▶ Extracted entries
————

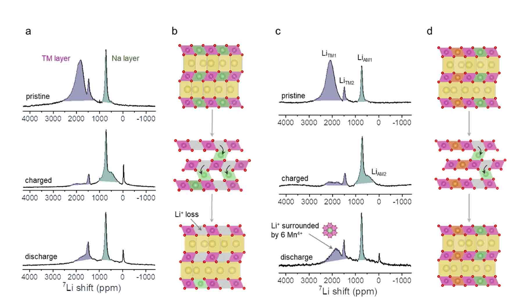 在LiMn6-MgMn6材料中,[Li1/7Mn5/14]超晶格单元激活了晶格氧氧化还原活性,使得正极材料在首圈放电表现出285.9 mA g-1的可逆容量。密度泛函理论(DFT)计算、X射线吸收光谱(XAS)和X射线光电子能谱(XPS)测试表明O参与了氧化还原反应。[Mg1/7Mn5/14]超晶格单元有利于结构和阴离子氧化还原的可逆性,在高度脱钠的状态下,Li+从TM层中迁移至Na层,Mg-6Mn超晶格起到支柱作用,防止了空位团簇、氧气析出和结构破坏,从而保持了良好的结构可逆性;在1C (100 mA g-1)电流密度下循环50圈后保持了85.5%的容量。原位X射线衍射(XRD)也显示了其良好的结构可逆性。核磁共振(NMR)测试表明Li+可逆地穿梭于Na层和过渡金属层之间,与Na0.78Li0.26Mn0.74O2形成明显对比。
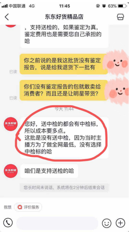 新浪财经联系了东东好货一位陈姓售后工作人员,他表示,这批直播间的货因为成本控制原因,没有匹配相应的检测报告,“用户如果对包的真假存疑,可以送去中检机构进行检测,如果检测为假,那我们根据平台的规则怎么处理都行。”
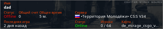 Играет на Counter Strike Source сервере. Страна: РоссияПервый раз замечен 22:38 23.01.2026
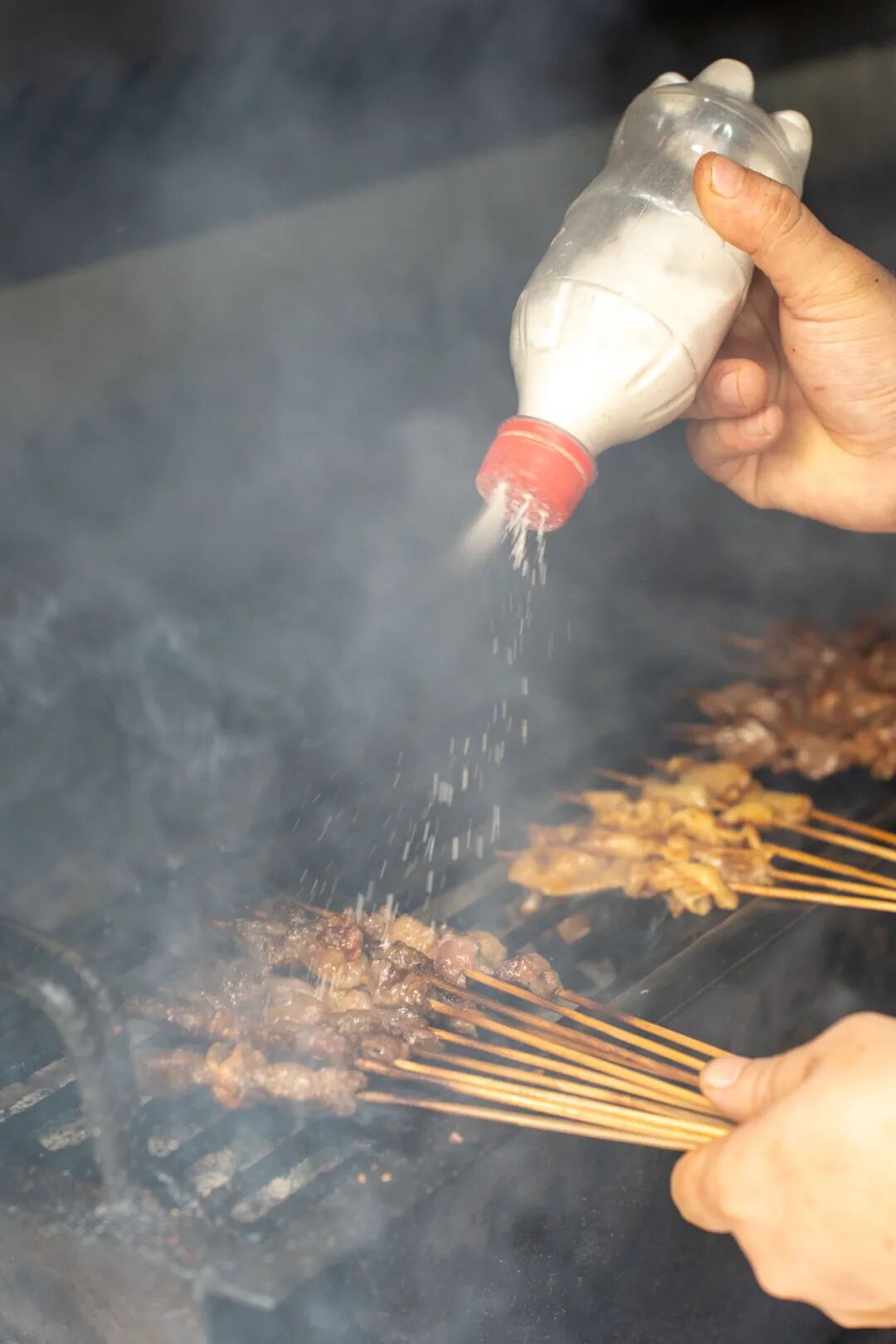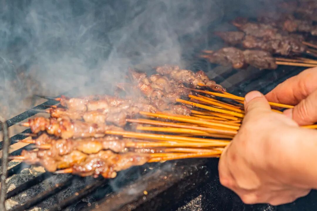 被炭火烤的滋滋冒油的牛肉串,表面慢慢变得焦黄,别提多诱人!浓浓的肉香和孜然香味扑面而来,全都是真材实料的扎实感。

————

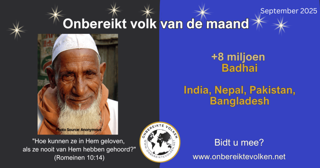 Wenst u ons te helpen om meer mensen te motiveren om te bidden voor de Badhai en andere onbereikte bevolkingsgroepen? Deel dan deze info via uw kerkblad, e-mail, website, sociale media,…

————

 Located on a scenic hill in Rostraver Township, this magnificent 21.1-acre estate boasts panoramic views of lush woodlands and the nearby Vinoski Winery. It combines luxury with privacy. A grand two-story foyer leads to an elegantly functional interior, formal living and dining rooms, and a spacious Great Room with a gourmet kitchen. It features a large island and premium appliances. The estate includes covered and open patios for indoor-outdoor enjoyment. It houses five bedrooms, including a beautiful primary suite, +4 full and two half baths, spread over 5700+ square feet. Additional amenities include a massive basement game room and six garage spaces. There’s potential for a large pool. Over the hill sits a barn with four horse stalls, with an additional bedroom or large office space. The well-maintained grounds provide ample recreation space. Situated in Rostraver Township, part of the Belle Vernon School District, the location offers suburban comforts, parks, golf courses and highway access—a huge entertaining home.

————

▶ Exercise requirements
Leaving each picture behind, please give again exactly the lines above from the one with "新浪财经联系了东东好货一位陈" through the one with "被炭火烤的滋滋冒油的牛肉串,表面慢慢变得", both included, and no others.

▶ Answer to the exercise
 新浪财经联系了东东好货一位陈姓售后工作人员,他表示,这批直播间的货因为成本控制原因,没有匹配相应的检测报告,“用户如果对包的真假存疑,可以送去中检机构进行检测,如果检测为假,那我们根据平台的规则怎么处理都行。”
 Играет на Counter Strike Source сервере. Страна: РоссияПервый раз замечен 22:38 23.01.2026
 被炭火烤的滋滋冒油的牛肉串,表面慢慢变得焦黄,别提多诱人!浓浓的肉香和孜然香味扑面而来,全都是真材实料的扎实感。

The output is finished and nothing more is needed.